• REQUIRED WORK
Restate word for word the lines between the start of the material and the line with "Potente y versátil, el", keeping both of those ends and none of the pictures.

──────── INFORMATION SHOWN ────────

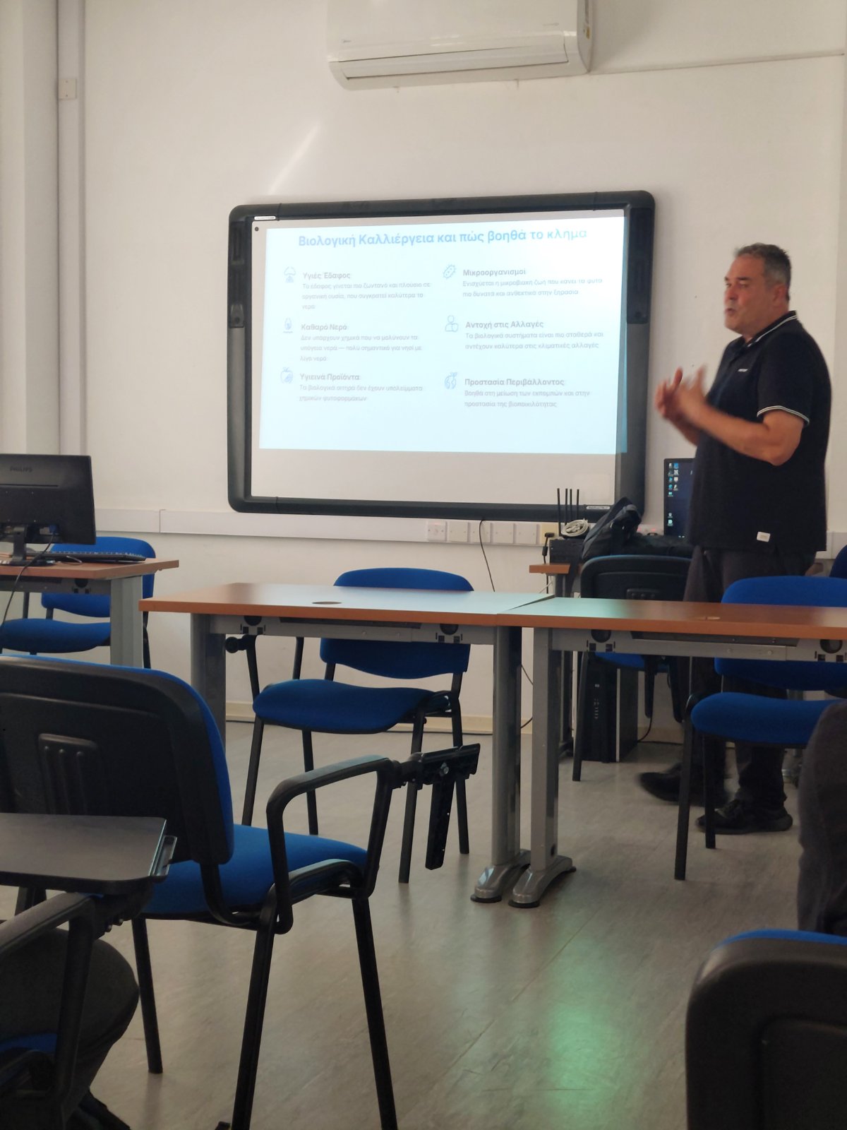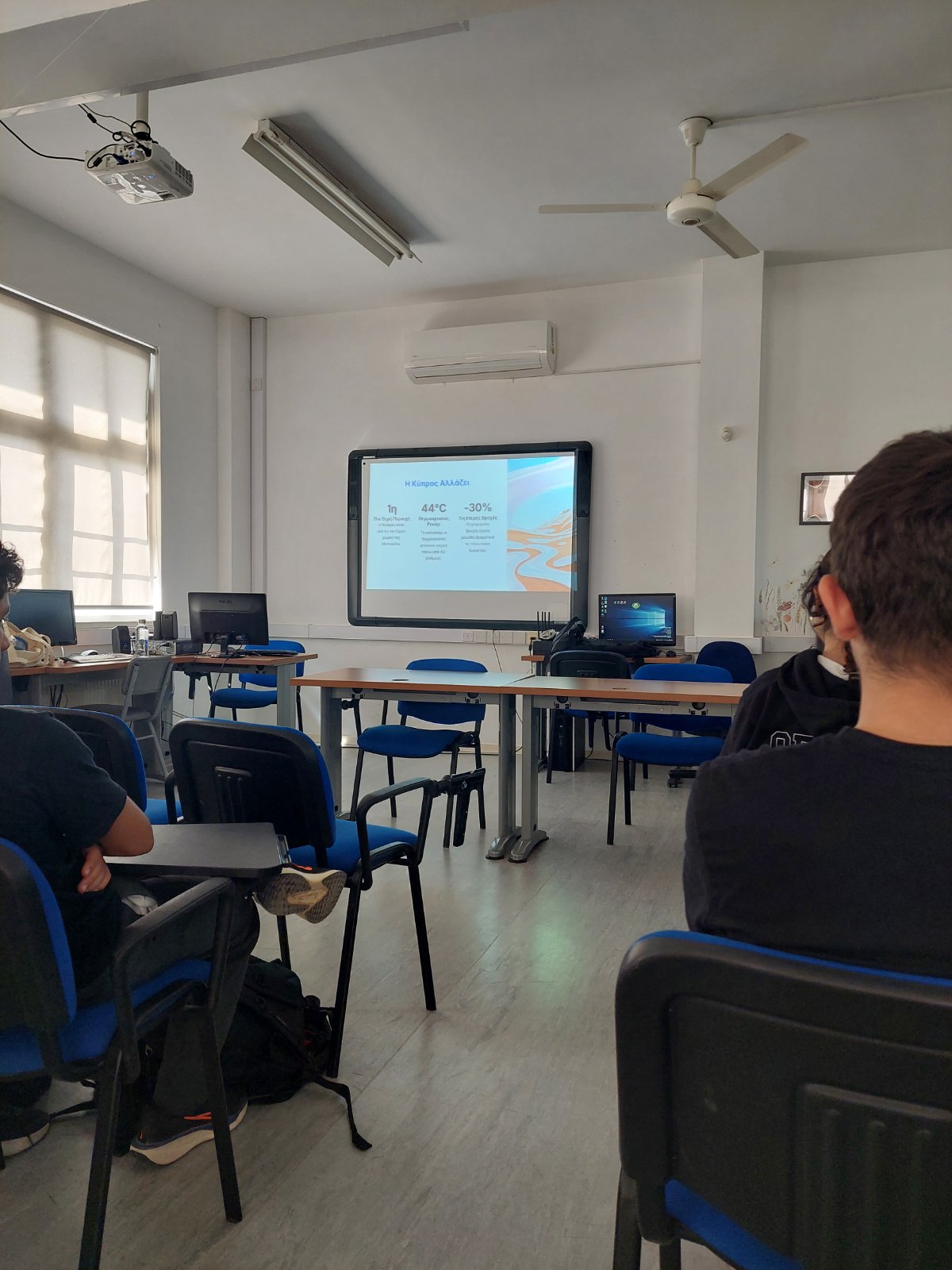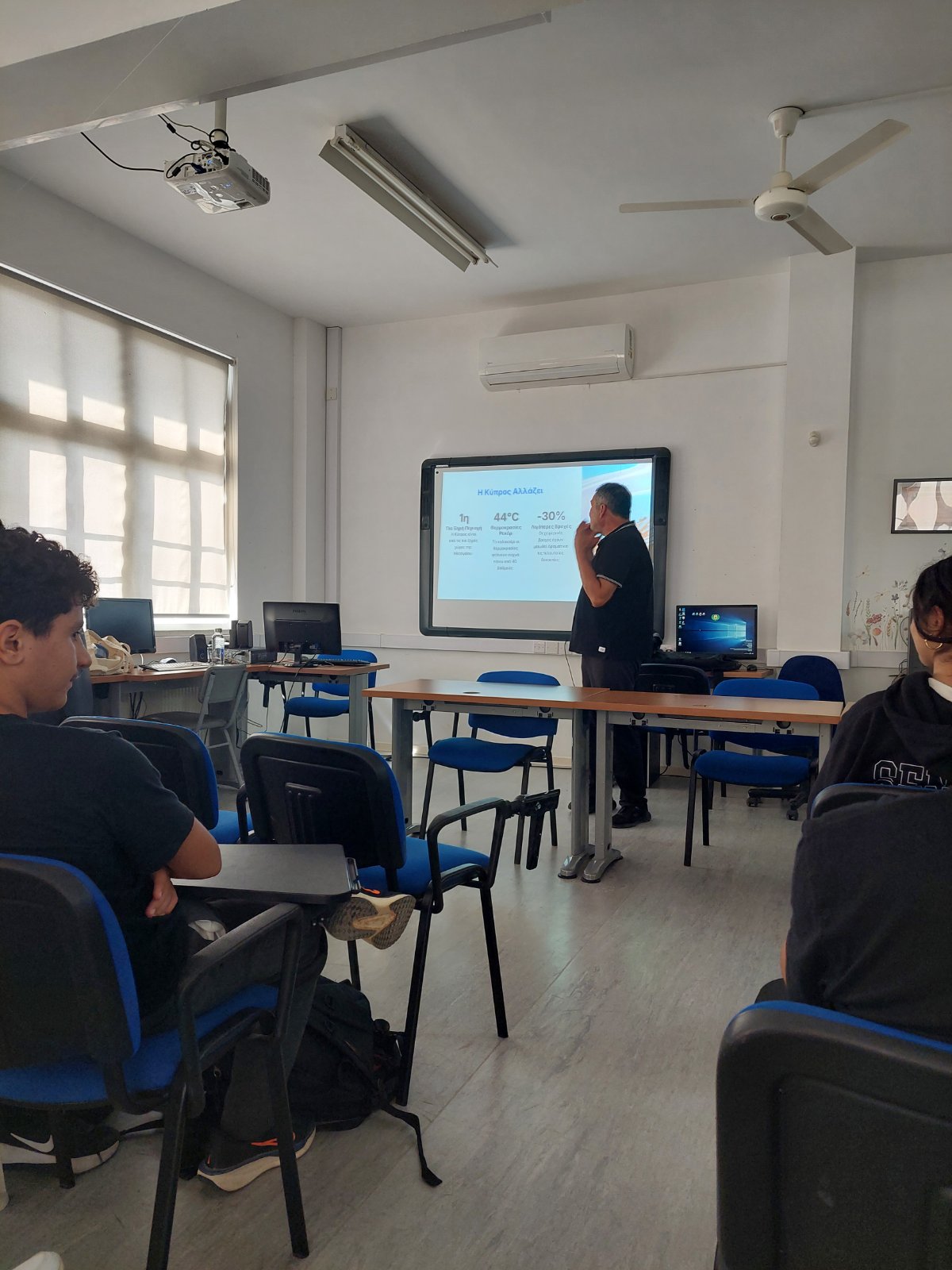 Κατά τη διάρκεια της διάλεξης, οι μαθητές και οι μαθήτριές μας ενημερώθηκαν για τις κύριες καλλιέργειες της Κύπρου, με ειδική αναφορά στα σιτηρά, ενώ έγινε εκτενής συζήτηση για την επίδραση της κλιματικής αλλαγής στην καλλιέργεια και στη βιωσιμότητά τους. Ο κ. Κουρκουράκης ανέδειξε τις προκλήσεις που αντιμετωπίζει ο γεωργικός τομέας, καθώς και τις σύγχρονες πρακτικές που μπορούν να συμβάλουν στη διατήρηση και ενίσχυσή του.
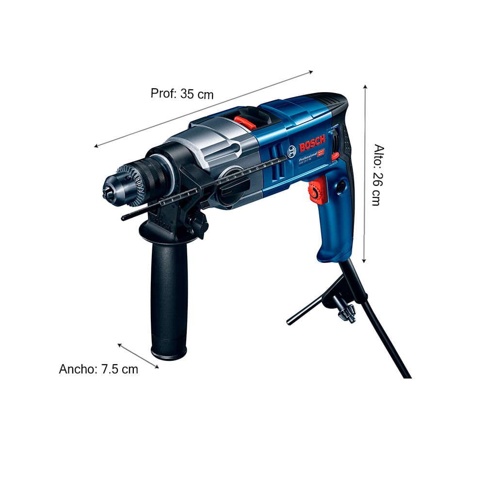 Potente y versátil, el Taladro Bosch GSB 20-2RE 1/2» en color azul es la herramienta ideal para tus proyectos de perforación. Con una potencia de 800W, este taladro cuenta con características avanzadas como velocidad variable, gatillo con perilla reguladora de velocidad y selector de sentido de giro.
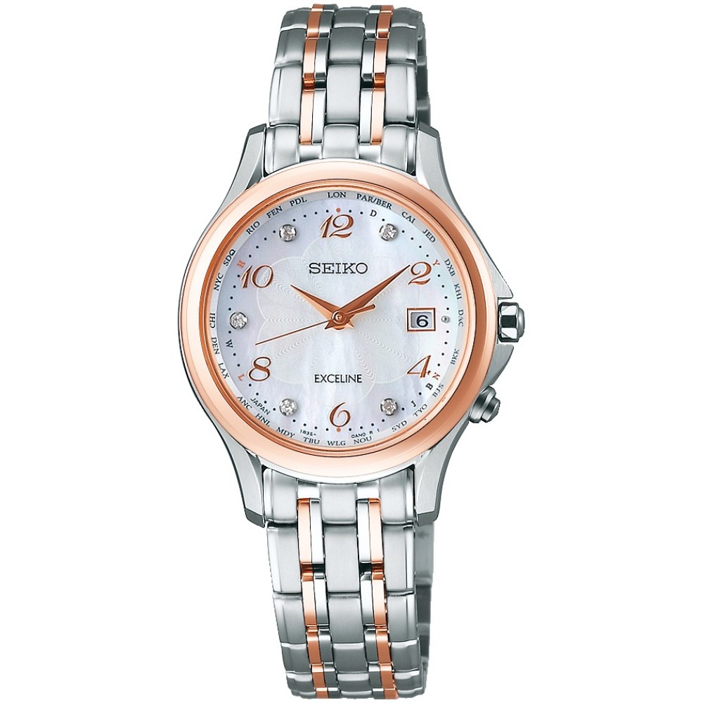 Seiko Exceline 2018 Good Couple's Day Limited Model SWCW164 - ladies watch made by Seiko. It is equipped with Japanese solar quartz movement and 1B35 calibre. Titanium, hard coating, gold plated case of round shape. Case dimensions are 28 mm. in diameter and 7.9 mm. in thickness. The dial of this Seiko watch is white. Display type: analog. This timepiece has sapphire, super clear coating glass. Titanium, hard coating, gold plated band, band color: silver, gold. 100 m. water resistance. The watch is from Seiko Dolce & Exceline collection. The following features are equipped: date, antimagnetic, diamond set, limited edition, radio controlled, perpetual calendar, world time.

────────

• TASK SOLUTION
 Κατά τη διάρκεια της διάλεξης, οι μαθητές και οι μαθήτριές μας ενημερώθηκαν για τις κύριες καλλιέργειες της Κύπρου, με ειδική αναφορά στα σιτηρά, ενώ έγινε εκτενής συζήτηση για την επίδραση της κλιματικής αλλαγής στην καλλιέργεια και στη βιωσιμότητά τους. Ο κ. Κουρκουράκης ανέδειξε τις προκλήσεις που αντιμετωπίζει ο γεωργικός τομέας, καθώς και τις σύγχρονες πρακτικές που μπορούν να συμβάλουν στη διατήρηση και ενίσχυσή του.
 Potente y versátil, el Taladro Bosch GSB 20-2RE 1/2» en color azul es la herramienta ideal para tus proyectos de perforación. Con una potencia de 800W, este taladro cuenta con características avanzadas como velocidad variable, gatillo con perilla reguladora de velocidad y selector de sentido de giro.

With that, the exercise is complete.